I lived in the former Soviet Union in the 90s and it reminds me a lot of the present in America. There was this period where Soviet heroes, imagery and their version of history were started to be called into question and all these older Russians couldn’t handle that there was any kind of re-evaluation of their past. Now, it’s old white America that is experiencing a shift in the culture and a certain segment of it just can’t wrap their head around why people might have a problem with the confederate flag. They can’t seem to understand that the reason that they never heard anyone complain about confederate imagery before now was that it is only in recent years that anyone gave a fuck what any non-white has to say. I saw the same thingin the former Soviet Union with old Russians wondering why the Estonians, Ukrainians and Georgians are getting so uppity.
Isn’t the Nazi symbol reversed from the Hindu?
Yes, the Hakkenkreuz is the “wrong” way around. Also the Hindu one is laid “flat” while the Nazi one dances on one of its leg points. It’s meant to look alien, disturbing and “wrong” because the Nazis were extremely 90s comics about everything.

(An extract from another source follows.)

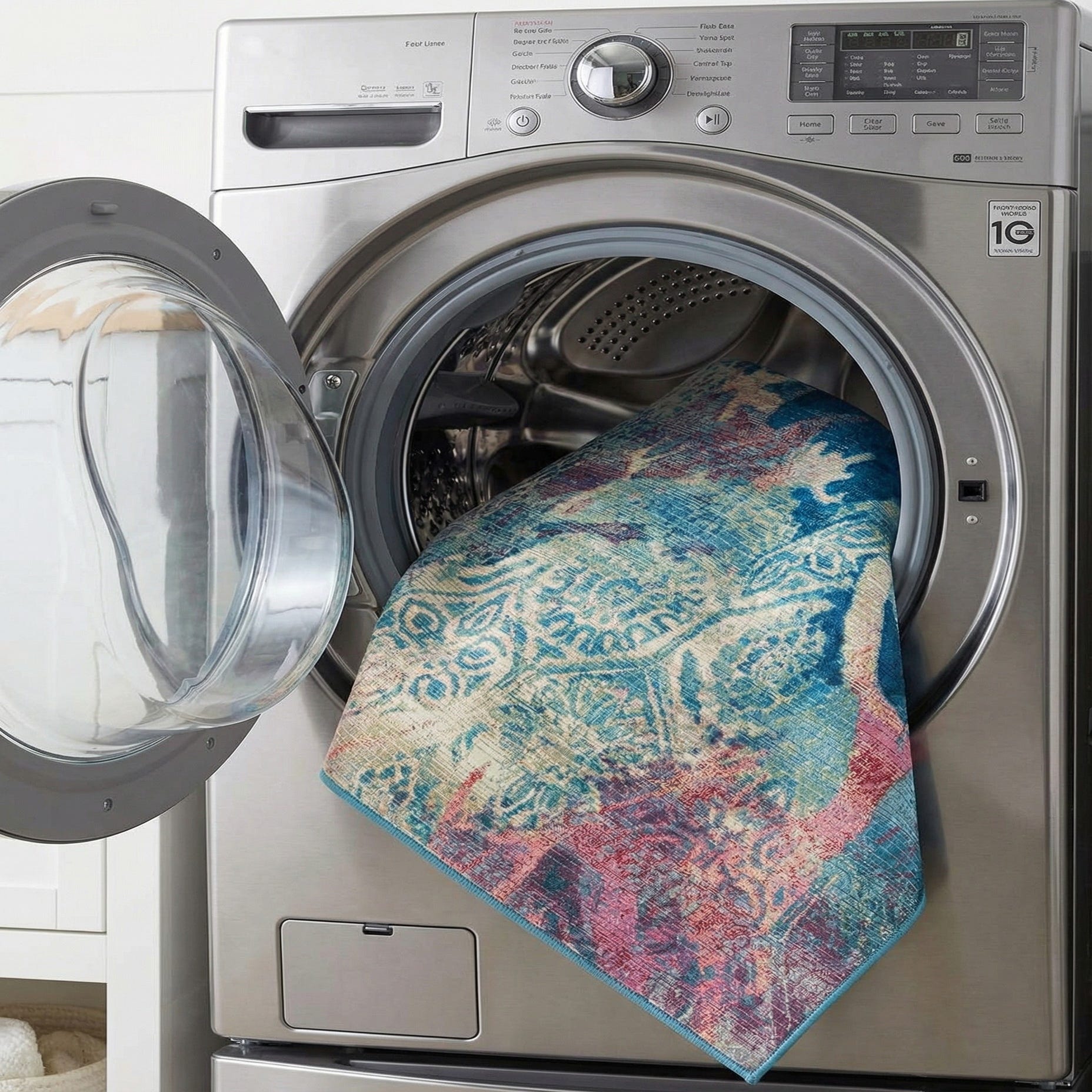 Primary color is Multi. Colors in this rug include: Multi, Beige, Ivory, Light Blue, Navy Blue, Pink.

Nor did I. It’s the song that has strong Confederate apologist overtones.
You’d probably get the same argument from lots of Confederate Railroad supporters. Fighting for the South had nothing to do with preserving slavery, it was a bunch of poor Southerners defending their homes against Yankee aggression.
Yeah, right. :dubious:
If it disturbs you that icons like Joan Baez and The Band might be criticized for having recorded a song sympathetic to the Confederacy, consider also the Charlie Daniels Band and “Be proud you’re a rebel, 'cause the South’s gonna do it agin”.

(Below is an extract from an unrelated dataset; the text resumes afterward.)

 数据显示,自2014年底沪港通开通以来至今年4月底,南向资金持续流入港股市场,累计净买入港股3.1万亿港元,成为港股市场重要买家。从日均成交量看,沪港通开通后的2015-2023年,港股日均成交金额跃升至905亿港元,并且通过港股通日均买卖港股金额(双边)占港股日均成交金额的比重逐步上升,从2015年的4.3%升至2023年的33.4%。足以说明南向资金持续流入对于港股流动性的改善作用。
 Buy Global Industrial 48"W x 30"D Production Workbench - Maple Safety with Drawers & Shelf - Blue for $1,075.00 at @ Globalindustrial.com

Do what, I always wondered. Secede again? Reinstate slavery?
From the songwriters:
Levon Helm recalls: “Robbie and I worked on the song up in Woodstock. I remember taking him to the library so he could research the history and geography of the era for the lyrics and make General Robert E. Lee come out with all due respect. It was another of those workshop songs we worked on a long time before we got it down.

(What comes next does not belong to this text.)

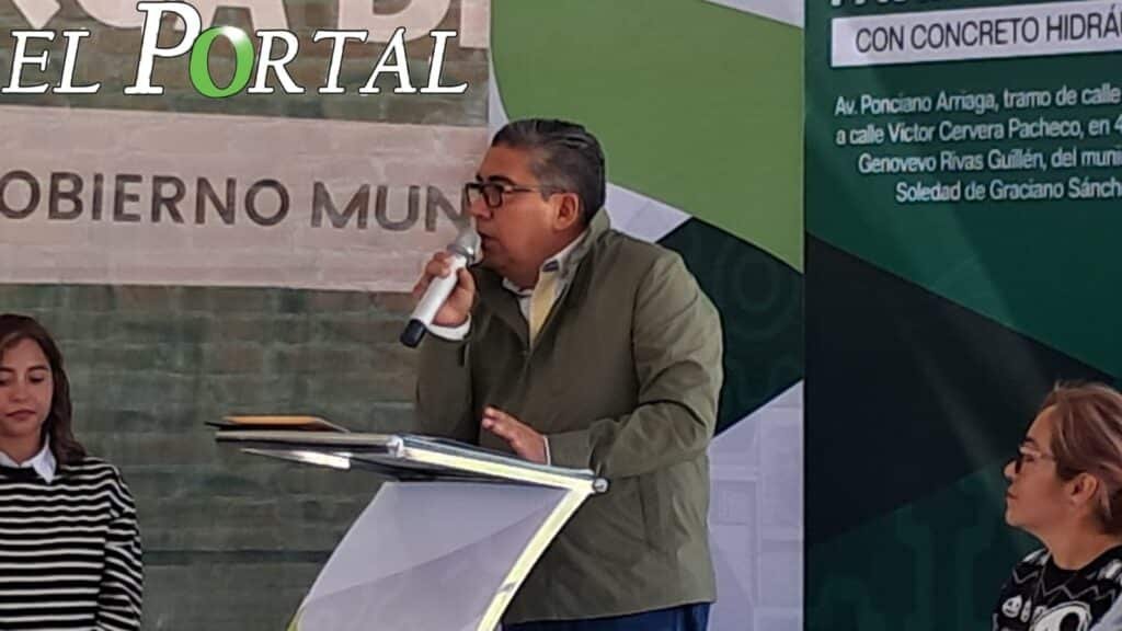 Soledad de Graciano Sánchez, S.L.P. (El Portal). – El Alcalde Navarro, dio inicio a los trabajos de pavimentación para la ampliación de la Av. Ponciano Arriaga.
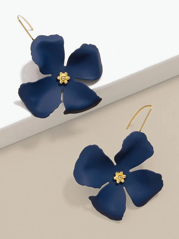 Delicate threader, pull-through earring with a hand-painted metallic, 4-petal flower drop. Accented with 18k gold-plating.

Robertson’s take on the events that ripped the nation apart are not siding with any of the parties but rather describe the sentiment and human suffering of a confederate soldier at the end of and shortly after the war."
Comparing Robbie Robertson to Charlie Daniels is just wrong.
“The General” remains an awesome film even if the protagonist was a Confederate.
We’re really not hearing the same song.
… did you miss the last line of the third stanza *again *?! ![]()
I feel like a really bad person for thinking that this is a pretty witty name for a band.
No, it looks at the point of view of someone from the South and treats them as an actual human being who might have a complex life, conflicting emotions, and experiences of their own instead of being a paper-thin purely evil Snidley Whiplash charature. Which is a cardinal sin for internet WOKE culture.
It takes some skill to lament the death of nuance and seeing the world from multiple angles while in the same breath caricaturing entire swathes of people with the heaviest, broadest brush within reach ; but damn if you didn’t pull it off with gusto there, Darren.
Get their asses kicked, spend the next century suckling at Uncle Sam’s teat while whining about welfare queens and selling out democracy to any racist conman who panders to their theocracy.
Fuck Charlie Daniels.
And to head it off, fuck this guy from the Oak Ridge Boys as well:
Where ya been? Denying people who honor racist and treasonous parts of the US past is the WORST part of the PC culture!